> **Dataset section**:
[Start of Attachment]

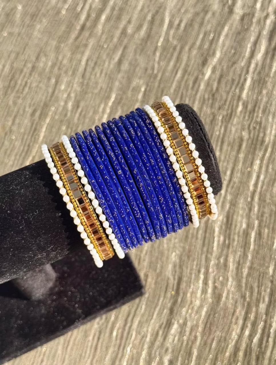 Dark Blue Velvet Champagne Kundan Bangle Set
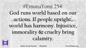 #EmunaYomi 254: God runs world based on our actions. If people upright, world has harmony. Injustice, immorality & cruelty bring calamity.
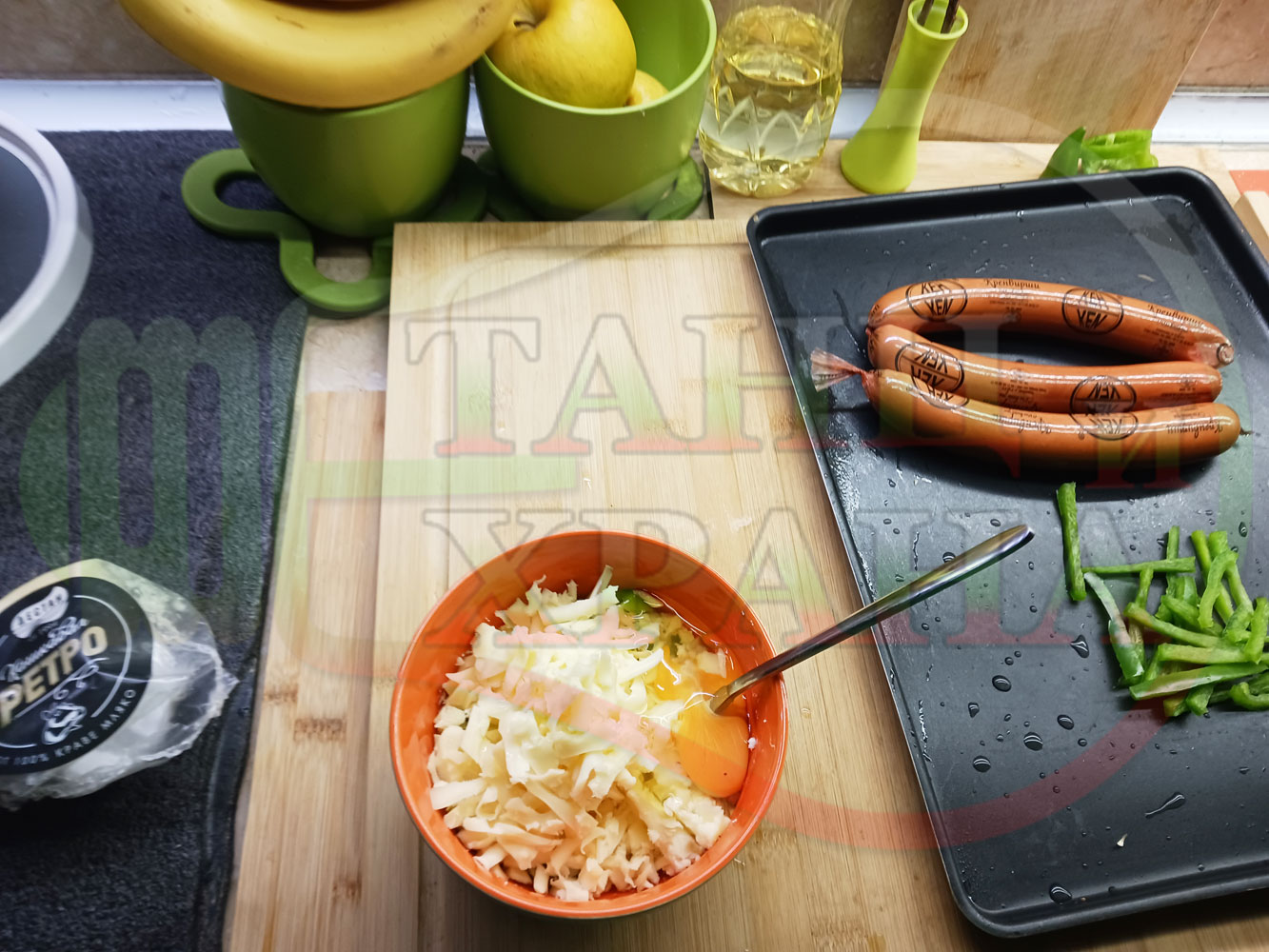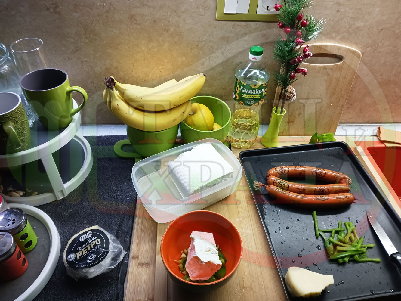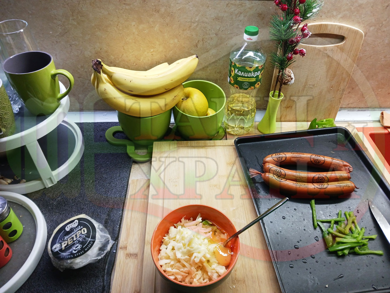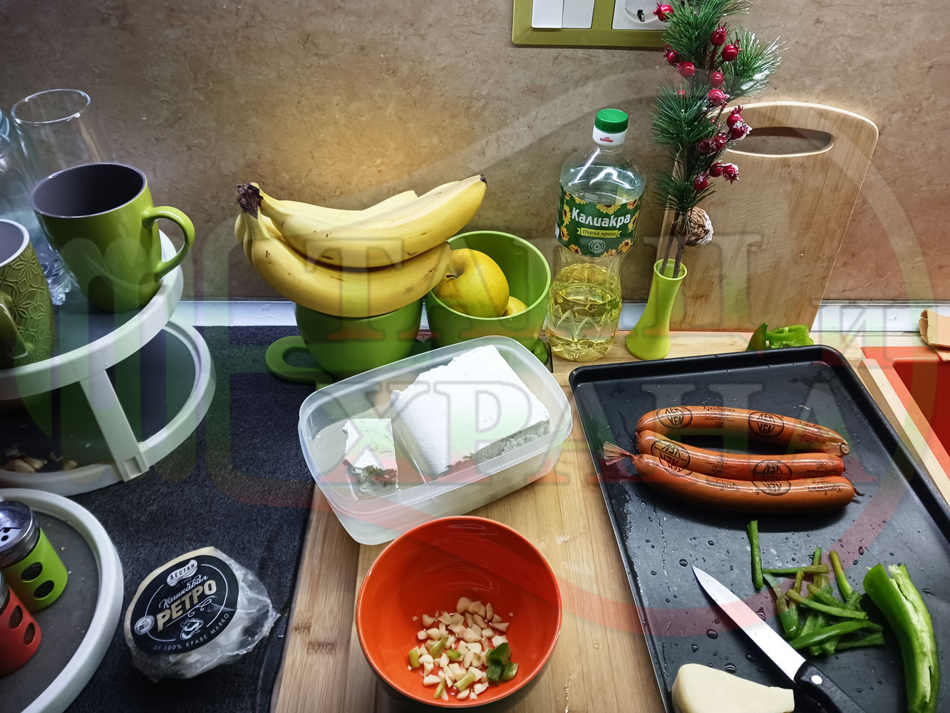 ПРОДУКТИ: Приблизителни количества за големи сиренови кюфтета "Кренвиршови зеленочушковокашкавалени с БГсирене" приготвени от яйца, зелени пресни чушки, стар чесън, кашкавал и краве бяло сирене (българско, саламурено) гарнирани и запечени на фурна с нарязани кренвирши

[End of Attachment]

> **About this task**:
Set down all the lines above exactly as they appear, with no pictures.

> **Solution to this problem**:
 Dark Blue Velvet Champagne Kundan Bangle Set
 #EmunaYomi 254: God runs world based on our actions. If people upright, world has harmony. Injustice, immorality & cruelty bring calamity.
 ПРОДУКТИ: Приблизителни количества за големи сиренови кюфтета "Кренвиршови зеленочушковокашкавалени с БГсирене" приготвени от яйца, зелени пресни чушки, стар чесън, кашкавал и краве бяло сирене (българско, саламурено) гарнирани и запечени на фурна с нарязани кренвирши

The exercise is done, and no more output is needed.